Effects of salinity and drought stress on germination and seedling growth of Avena fatua L. and Phalaris minor L. Arezo Dinari 1*, Fariba Meighani 2 and Mozhgan Farzami Sepehr 1

Document Type : Original Article



Avena fatua and Phalaris minor are narrow-leaved weeds that pose problems for many crops.
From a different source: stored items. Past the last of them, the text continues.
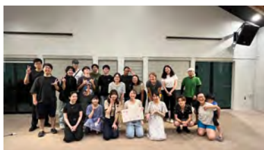
Young adults group dinner.

Please pray that God will lead me in my time here, and that it would be filled with mutually encouraging Christian relationships.
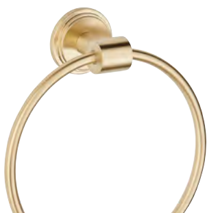
G2H.504N Towel ring
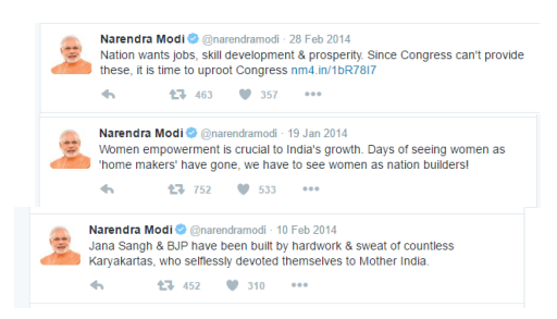
Figure 3. Notion of citizens are labourers

economic ensure that the nation building process is a success. Thus, the concept of labourers is mapped on the citizens because citizens are lower in the hierarchy to the ruling class. This finding opposes Charteris-Black's (2013) notion of SOCIAL ORGANISATION IF A BUILDING that emphasises on teamwork between political figures and citizens in the process of nation-building. Meanwhile, the findings of this study focused on citizens as labourers who engaged in the physical work of helping the nation to build a solid edifice. Figure 3 displays Modi's use of the concept of citizens as labourers in his tweets.
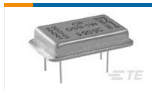
TE Part #1-1617069-0 DS9-1W=DS9 DIP SOLID STATE RELAY
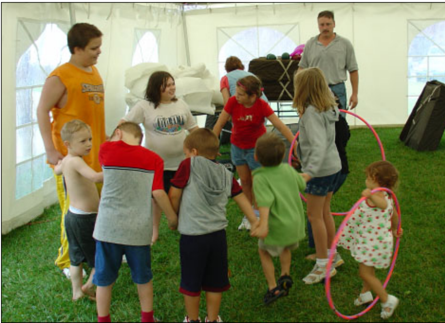
Several of the children are gathered to play one of the most popular games of the picnic. It was great fun and the children enjoyed their afternoon ...even though it was raining. The picnic was held at the Al Koran Shrine Pavilion August 29th.
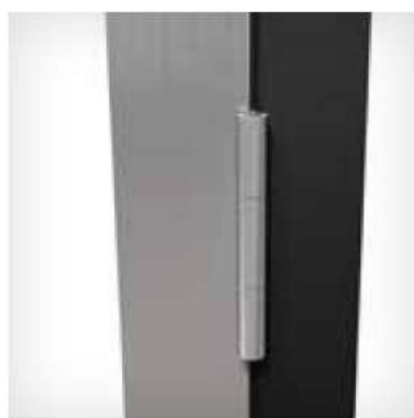
Lap butt hinge 14072, 14094 H_{\max} = 2400\text{mm} L_{\max} = 1250\text{mm} - cannot be used in the system SAPA 2086 Plus and Extreme.
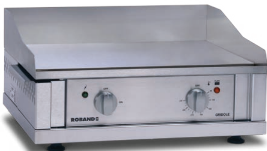
Extreme Performance (XP) G500XP (8 mm plate) 3450W, 15 Amp
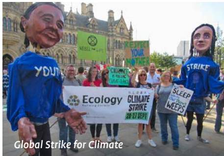
Global Strike for Climate

On Friday 20 September, millions of people from across the globe united to call for climate justice. Inspired by the youth-led school strike for climate, marches took place around the world in response to escalating environmental crises. And we're proud to say that Ecology was there. A team from Ecology joined strikers in Bradford and our CEO attended the Westminster event.
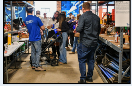
Snapshots of Hammers & Ales
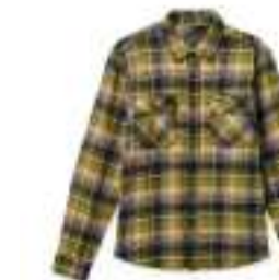
GREEN KELP/SAND/BLACK 01213-GRKSB
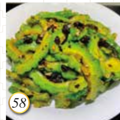
58 蒜頭豆豉炒涼瓜 Stir Fried Bitter Melon w/ Garlic & Black Bean Sauce 16.98

In order to study the effects of sodium chloride (NaCl) and polyethylene glycol (PEG) on germination and initial seedling growth of Avena fatua and Phalaris minor, an experiment was conducted based on a completely randomized design with 4 replications under laboratory conditions during 2011-2012. Eight levels of NaCl: 0 (control), 50, 100, 150, 200, 250, 300, and 350 mM, and 8 PEG concentrations: 0 (control), 15.6, 100.7, 151.4, 190.5, 223.6, 279.3, and 326.2 g/L were used. The findings suggested that in both weed plantlets, increase in NaCl and PEG concentrations resulted in reduced seed germination, and seedling shoot and rootlet length, as compared with the control with no drought stress. In the treatments with high concentrations of NaCl and PEG, seed germination in both weeds approached zero which suggests their sensitivity to salt and drought stress. Overall, it seems that Avena fatua was more tolerant to salt and drought stress in comparison with Phalaris minor.